After joining Pixar in 1986, he oversaw the development of a graphics system called RenderMan, building on more than a decade of work by Catmull and others. RenderMan played a key role in the making of “Toy Story” and the many Pixar features that followed, generating increasingly realistic 3-D animation. But its effect on the movie business extended well beyond characters like Woody and Buzz Lightyear.

In the late 1980s, Hanrahan and his Pixar colleagues licensed RenderMan to other movie makers. They also released the RenderMan Shading language — the computer language that allowed anyone to modify the technology. As a result, the technology improved much faster.

Even before the release of “Toy Story,” RenderMan was used to create special effects for seminal films such as James Cameron’s “Terminator 2: Judgment Day” and Steven Spielberg’s “Jurassic Park.” Later, it fed the creation of movies like “Avatar,” “Titanic” and the “Lord of the Rings” trilogy.

In the early 1970s, Catmull was a Ph.D. student at the University of Utah under one of the founding fathers of computer graphics, Ivan Sutherland.

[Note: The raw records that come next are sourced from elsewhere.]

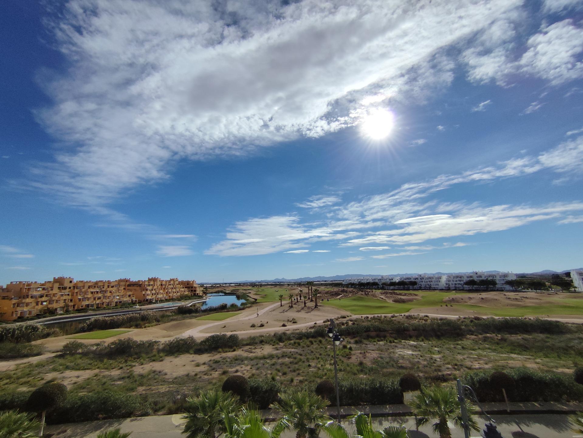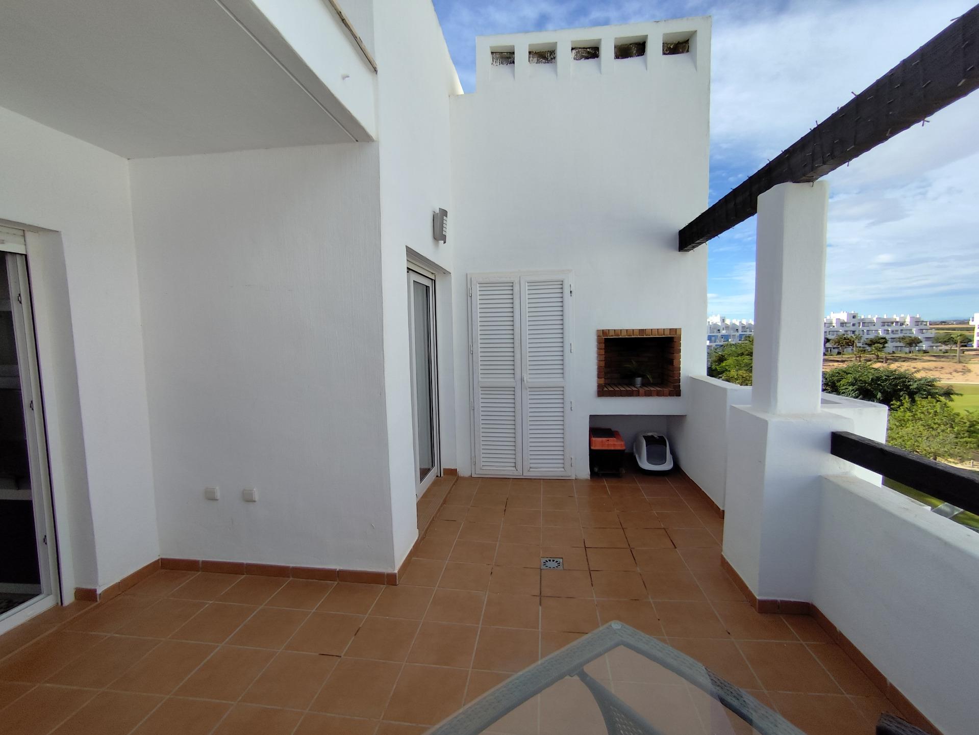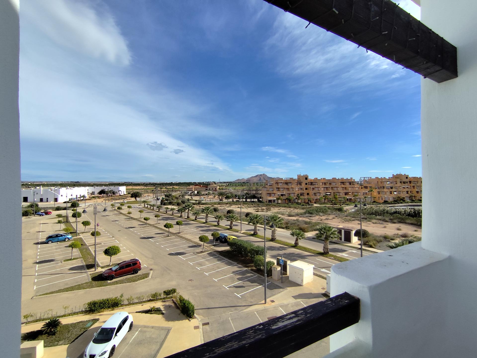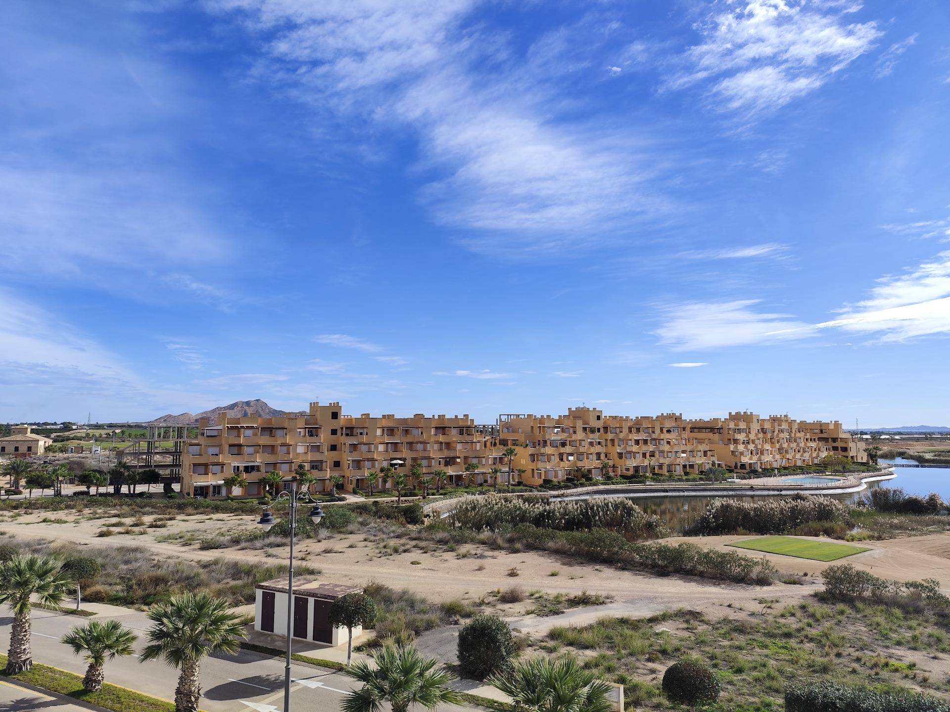 Top floor, 2 Bed Corner apartment in Phase 2 of the Golf Resort of Las Terrazas De La Torre. This property has stunning over the golf course ! The kitchen is fully fitted with all white goods, and comes furnished throughout. There is also Full AC throughout the apartment. In between the 2 bedrooms there is a nice family bathroom. The bathroom has been updated and has a walk in shower. The terras is spacious and offers stunning views. The apartment is sold partly furnished. The apartment is located only a few minutes walk to the Resorts Clubhouse, Restaurant and Supermarket. There are 16 communual pools More businesses will be opening in the commercial center, which makes it the perfect time to buy on this resort. This complex has a single entrance and its facilities are fully fenced, with 24 hour security for the safety of its residents. If you are a golf fan you will be able to play on a 18 hole golf course created by Jack Nicklaus, whose semi-desert design blends in with the natural landscape, thus demonstrating a high degree of efficiency of natural resources. Offering fantastic value for money, phenomenal security and a superb location, Las Terrazas de la Torre is a wonderful resort that offers buyers the opportunity to find a beautiful home at an excellent price. It is just a short drive, 15 minutes, from the Mar Menor and Mediterranean coastlines, plus Murcia international airport and 20 minutes to Cartagena and Murcia.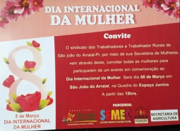 O Sindicato dos Trabalhadores e Trabalhadoras Rurais de São João do Arraial, por meio da Secretaria de Mulheres com parceria da prefeitura municipal, por meio das secretarias municipais, convidam a população para as comemorações do Dia Internacional da Mulher, que será realizado nesta sexta, 08 de março.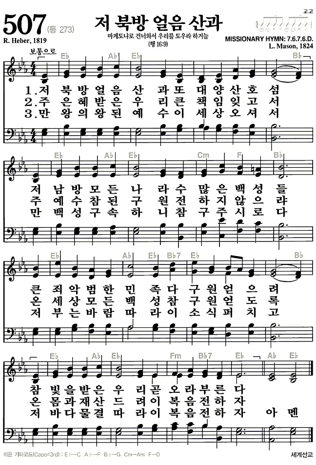 새찬송가_악보] 507장 - 저 북방 얼음 산과 다운로드(고화질/인쇄용)
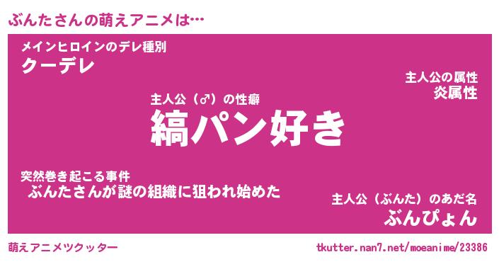 | 女子向けラノベタイトル風あだ名 | 『(仮)ぶんたのやんごとなき事情』 |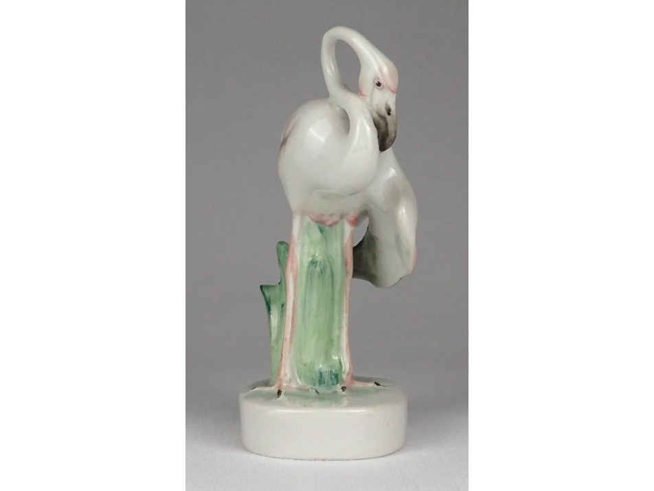 Hibátlan állapotú, jelzett régi Zsolnay porcelán flamingó figura talapzaton.

When he moved to the New York Institute of Technology on Long Island and later Lucasfilm, the Northern California movie production company that made the “Star Wars” films, he brought an academic’s sensibility, encouraging his engineers to share their work with the wider community of researchers.

“I had such a great time at Utah,” Catmull, 74, said in an interview. “I wanted to take a lot of the same principles and apply them to the next place.”

At Pixar, that attitude continued. Though Pixar was owned by Steve Jobs — whose belief in corporate secrecy became famous the world over as he built his other company, Apple — Pixar engineers like Hanrahan regularly published academic papers describing the underlying details of their work.

“Almost every project was owned by the community of computer scientists,” said Michael Rubin, author of “Droidmaker: George Lucas and the Digital Revolution,” who worked alongside Catmull at Lucasfilm. “A product like RenderMan was not just something made by Pixar, for Pixar. It belonged to the community.”

This accelerated the development of software and hardware like the specialized computer chips needed to generate 3-D images. These graphics processing units, or GPUs, drove the 3-D computer games that became ubiquitous in the 1990s and 2000s. Later, they played an essential role in the design of virtual reality and artificial intelligence technology, including the techniques that underpinned self-driving cars, facial recognition services and talking digital assistants like Alexa.

Much of this work was driven by new computer languages that allowed anyone to build new software for these chips — languages similar to the one that fed RenderMan. They also could trace their roots back to Hanrahan. After leaving Pixar in 1989, he continued his research as a professor at Princeton and Stanford, where he and his students helped develop those languages.

Catmull eventually became the president of Pixar, and after the Walt Disney Co. acquired Pixar in 2006, he helped remake animation at the nearly 80-year-old movie studio.

“There is no one who has had such a profound and widespread effect on computer graphics as Ed Catmull,” Rubin said.